Investigations Made with a Non-Human Mammal According to the Invention and Cells Thereof, Respectively, as Regards Immunosuppressive Activity and Antiinflammatory Activity, Respectively

[0045] 3.1 Investigations Made with Primary Thymocytes

[0046] Primary thymocytes from a mouse according to the invention and a wild-type mouse, respectively, are isolated and treated for 6 h with 0.5 μg/ml ionomycin as well as 10 μg/ml phorbol ester (TPA) and 10−6 M dexamethasone (dex) and a combination thereof (T+D), respectively. 2 μg of whole RNA are subjected in each case to an “RNase protection assay”.

[0047] It shows that a comparable expression of cytokin mRNA, e.g. II-2 and IFNγ and a comparable repression, respectively, is obtained in primary thymocytes of both mice.

[0048] 3.2. Investigations Made with Peritoneal Macrophages

[0049] Peritoneal macrophages from a mouse according to the invention and a wild-type mouse, respectively, are isolated 5 days after a thioglycolate treatment, and treated after 24 h for 2 h with 100 ng/ml lipopolysaccharide (LPS) and a combination of 10−6 M dexamethasone and lipopolysacahride (L+D), respectively. 0.5 μg of whole RNA is subjected in each case to an “RNase protection assay”.

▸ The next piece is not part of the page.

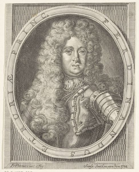 Gérard Edelinck made this print of Louis of France, Duke of Burgundy, using burin and etching techniques. The image creates meaning through visual codes typical of royal portraiture in France. Note the armor, meant to convey strength and leadership. Also, take note of the oval frame, this shape was often chosen to represent an ideal form of the sitter. It is interesting to consider how these images were used by the institutions of the French court. Were these images intended for wide distribution, or were they more private symbols of power and prestige? To understand this portrait better, you might research the history of the French monarchy, the conventions of royal portraiture, and the role of printmaking in disseminating images of power. The meaning of art is always contingent on its social and institutional context.

[0050] It shows that a comparable expression of cytokine mRNA, e.g. TNFα and II-6, and a comparable repression, respectively, is obtained in peritoneal macrophages of both mice.

[0051] 3.3 Investigations Made in Connection with Mice

[0052] (A) 100 μg LPS each are administered to a mouse according to the invention and a wild-type mouse, respectively. The mice are killed at 0, 60 min. and 180 min. serum is isolated each and the TNFα concentration is determined by a common ELISA kit.

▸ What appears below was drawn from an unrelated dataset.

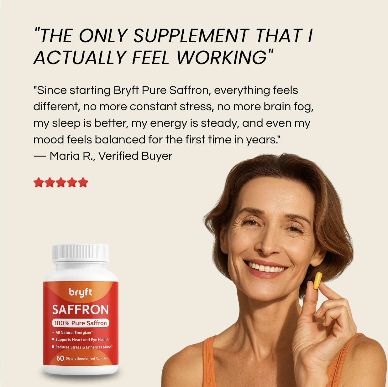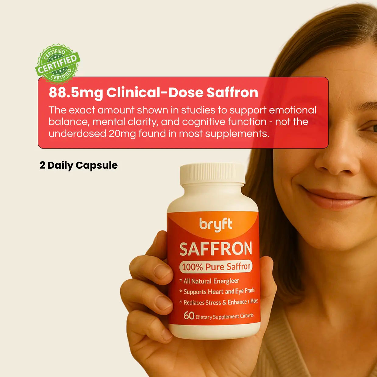 Try Bryft Pure Saffron for 30 days—if you don’t feel more balanced, focused, and emotionally clear, we’ll refund you. No questions asked.

[0053] It shows that the induction of TNFα and its repression is comparable in both mice.

[0054] (B) The skin of the back of a mouse according to the invention and a wild-type mouse, respectively, is treated in each case with TPA and a combination of TPA and dexamethasone (T+D), respectively. Serum is isolated each and the II-6 concentration is determined by a common ELISA.

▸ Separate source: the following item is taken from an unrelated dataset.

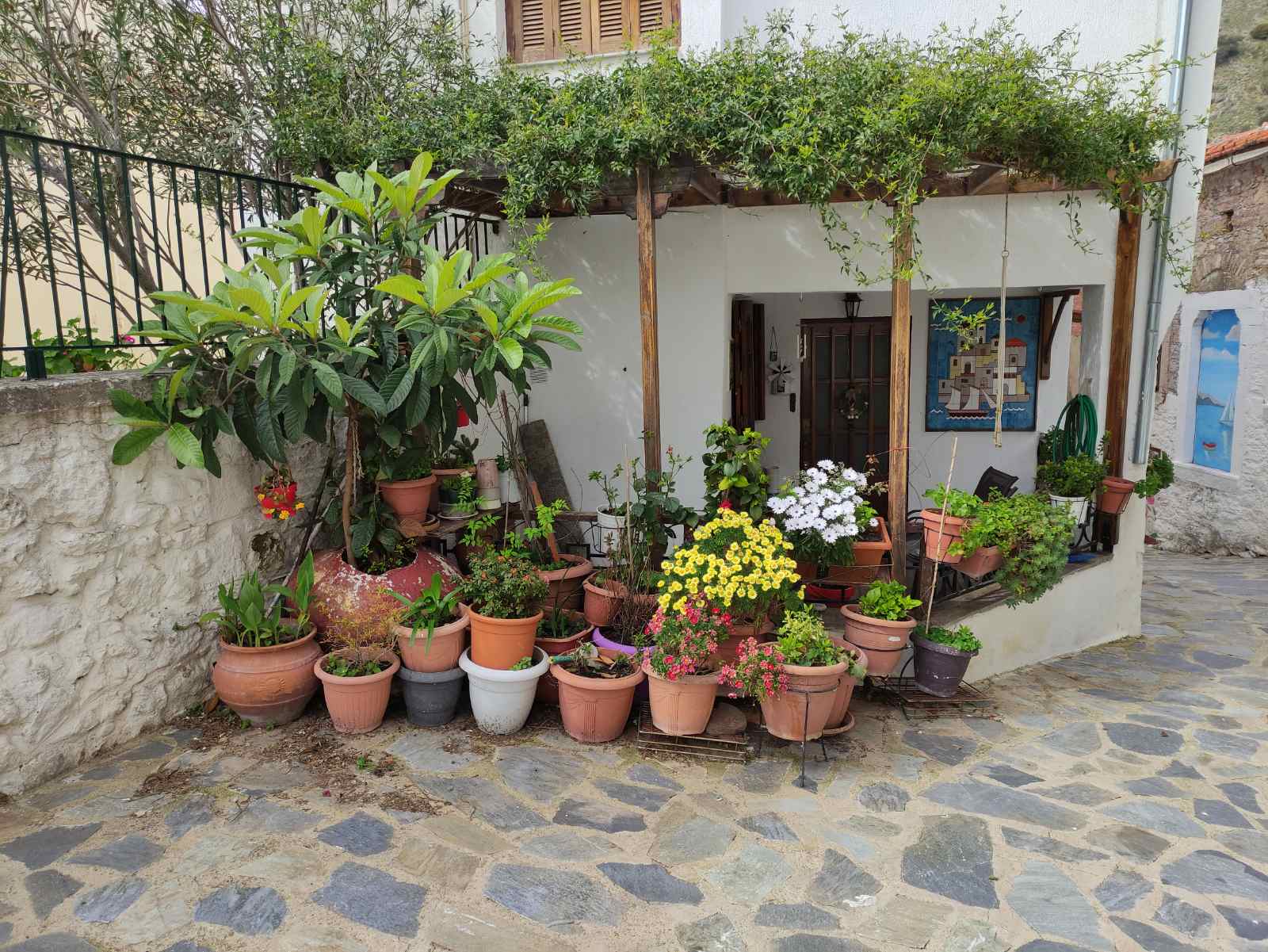 Οι κάτοικοι του «χωριού» ξεκίνησαν την περιφορά από την Εκκλησία της Υπαπαντής και μέσα από τους δρόμους του οικισμού, με ελάχιστα πλέον, όπως και σε όλη την Χιακή ύπαιθρο ανοικτά...

[0055] It shows that the induction of II-6 and its repression is comparable in both mice.

[0056] (C) The left ear of a mouse according to the invention and a wild-type mouse, respectively, is treated in each case with TPA and a combination of TPA and dexamethasone (T+D), respectively. A certain region of the ear is removed each, and the weight of the edema formed is determined.

[0057] It shows that the weight of the edema after the respective treatment is comparable in both mice.

[0058] Hence it is shown that a mouse according to the invention and its cells have immunosuppressive and antiinflammatory activity which can be compared with that of a wild-type mouse.